In 2013, we all supported the idea of a Cabinet composed of
technocrats. After all, the system was a requirement under the 2010
Constitution.
The arrangement presented President Uhuru
Kenyatta with an opportunity to put together a core economic management
team dominated by experts from the private sector.
Have
cabinet secretaries performed better than cabinet ministers? In the
days of yore, the cabinet functioned more or less as a national council
of elders. Members approached public duty differently because they
understood that they were ultimately responsible to the electorate.
In
those days, cabinet ministers put a high premium on public engagement.
In terms of name recognition, the ministers were known all over the
country. Cabinet secretaries are different.
Their
mindset is of individuals who are more at ease when making PowerPoint
presentations in conferences and seminars in five-star hotels than
addressing public barazas.
Today, it is very possible
for a Cabinet secretary to sneak into a public gathering without being
noticed. They don’t enjoy widespread name recognition across the
country.
They approach their work as personal service
to the appointing authority to be reciprocated by personal loyalty,
obedience and respect to their godfathers.

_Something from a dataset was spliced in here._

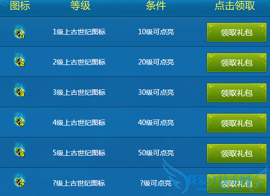 1、只要您的角色达到指定等级,点击图标即可升级上古世纪图标和领取礼包,礼包详情>>;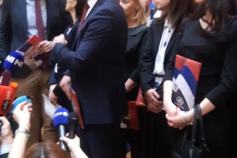 "Zaklinjem se da ću dužnost narodnog poslanika obavljati predano, pošteno, savesno i verno Ustavu, braniti ljudska i manjinska prava i građanske slobode i po najboljem znanju i umeću služiti građanima Srbije, istini i pravdi!"

More disruption and uncertainty was to come with the advent of
the individuals who were tapped from the private sector to take up the
new office of ‘principal secretary’- the precursor of what we used to
call ‘permanent secretary’
In the past, the permanent
secretary- the chief executive and accounting officer of a ministry- was
appointed from within the ranks of career civil servants. He was a
permanent employee of the Public Service Commission. He attended special
courses in public administration both- locally and abroad- and would
have served in many different government departments before being
appointed to this critical position.
The principal
secretary is a different animal. He is political appointee parachuted
into public service to occupy a critical role without knowledge of the
inner workings of the Civil Service bureaucracy.
Worse,
we appointed too many of them at one go, leading to a situation where
we have ministries with multiple principal secretaries.
We
ended up with too many office holders who were yet to imbibe what
business schools call espirit de corps. The environment spawned
bureaucratic lethargy in the Civil Service.
Enough of
theory. What must Mr Kenyatta consider as he begins his second term? I
suggest that he appoints a high-profile change champion- a man or woman
of proven integrity, expertise, and skill to work with a small selected
group of team players mandated to manage change in the Civil Service.
I
think the President should revisit Dr Richard Leakey’s “Dream Team”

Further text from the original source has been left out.